ABOUT THIS TASK. Please output exactly the part of the records below that opens with the line containing "隨后記者走進(jìn)敬老院" and closes with the line containing "ธนาฮาบิแทต ปิ่นเกล้า - สิรินธร", both lines included, and nothing else.
(PROVIDED DATA Opens)
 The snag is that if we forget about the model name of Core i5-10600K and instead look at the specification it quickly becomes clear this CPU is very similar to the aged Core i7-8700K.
(PROVIDED DATA Closes)
(PROVIDED DATA Opens)
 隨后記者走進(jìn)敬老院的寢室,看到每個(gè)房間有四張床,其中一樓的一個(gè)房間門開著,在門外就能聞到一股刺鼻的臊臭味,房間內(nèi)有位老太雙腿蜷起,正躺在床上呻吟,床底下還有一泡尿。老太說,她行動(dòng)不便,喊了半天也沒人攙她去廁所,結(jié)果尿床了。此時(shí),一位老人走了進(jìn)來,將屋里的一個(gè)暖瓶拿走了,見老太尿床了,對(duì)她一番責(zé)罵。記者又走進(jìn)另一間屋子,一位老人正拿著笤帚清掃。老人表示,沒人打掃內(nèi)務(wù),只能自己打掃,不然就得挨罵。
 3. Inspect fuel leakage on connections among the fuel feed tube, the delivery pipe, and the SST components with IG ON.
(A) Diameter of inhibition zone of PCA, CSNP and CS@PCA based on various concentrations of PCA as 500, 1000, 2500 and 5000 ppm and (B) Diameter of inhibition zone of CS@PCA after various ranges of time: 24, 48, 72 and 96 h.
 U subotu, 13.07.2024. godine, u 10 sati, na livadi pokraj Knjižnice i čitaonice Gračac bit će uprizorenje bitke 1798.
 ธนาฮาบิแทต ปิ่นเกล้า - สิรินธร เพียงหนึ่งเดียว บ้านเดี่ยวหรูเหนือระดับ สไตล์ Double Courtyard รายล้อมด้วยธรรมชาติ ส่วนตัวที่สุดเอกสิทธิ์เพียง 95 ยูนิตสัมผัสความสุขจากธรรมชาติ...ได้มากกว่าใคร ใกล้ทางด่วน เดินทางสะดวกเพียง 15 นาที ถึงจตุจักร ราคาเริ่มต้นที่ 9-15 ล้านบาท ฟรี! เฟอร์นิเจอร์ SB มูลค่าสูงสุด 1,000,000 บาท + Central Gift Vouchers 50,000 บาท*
(PROVIDED DATA Closes)
YOUR SOLUTION.
 隨后記者走進(jìn)敬老院的寢室,看到每個(gè)房間有四張床,其中一樓的一個(gè)房間門開著,在門外就能聞到一股刺鼻的臊臭味,房間內(nèi)有位老太雙腿蜷起,正躺在床上呻吟,床底下還有一泡尿。老太說,她行動(dòng)不便,喊了半天也沒人攙她去廁所,結(jié)果尿床了。此時(shí),一位老人走了進(jìn)來,將屋里的一個(gè)暖瓶拿走了,見老太尿床了,對(duì)她一番責(zé)罵。記者又走進(jìn)另一間屋子,一位老人正拿著笤帚清掃。老人表示,沒人打掃內(nèi)務(wù),只能自己打掃,不然就得挨罵。
 3. Inspect fuel leakage on connections among the fuel feed tube, the delivery pipe, and the SST components with IG ON.
(A) Diameter of inhibition zone of PCA, CSNP and CS@PCA based on various concentrations of PCA as 500, 1000, 2500 and 5000 ppm and (B) Diameter of inhibition zone of CS@PCA after various ranges of time: 24, 48, 72 and 96 h.
 U subotu, 13.07.2024. godine, u 10 sati, na livadi pokraj Knjižnice i čitaonice Gračac bit će uprizorenje bitke 1798.
 ธนาฮาบิแทต ปิ่นเกล้า - สิรินธร เพียงหนึ่งเดียว บ้านเดี่ยวหรูเหนือระดับ สไตล์ Double Courtyard รายล้อมด้วยธรรมชาติ ส่วนตัวที่สุดเอกสิทธิ์เพียง 95 ยูนิตสัมผัสความสุขจากธรรมชาติ...ได้มากกว่าใคร ใกล้ทางด่วน เดินทางสะดวกเพียง 15 นาที ถึงจตุจักร ราคาเริ่มต้นที่ 9-15 ล้านบาท ฟรี! เฟอร์นิเจอร์ SB มูลค่าสูงสุด 1,000,000 บาท + Central Gift Vouchers 50,000 บาท*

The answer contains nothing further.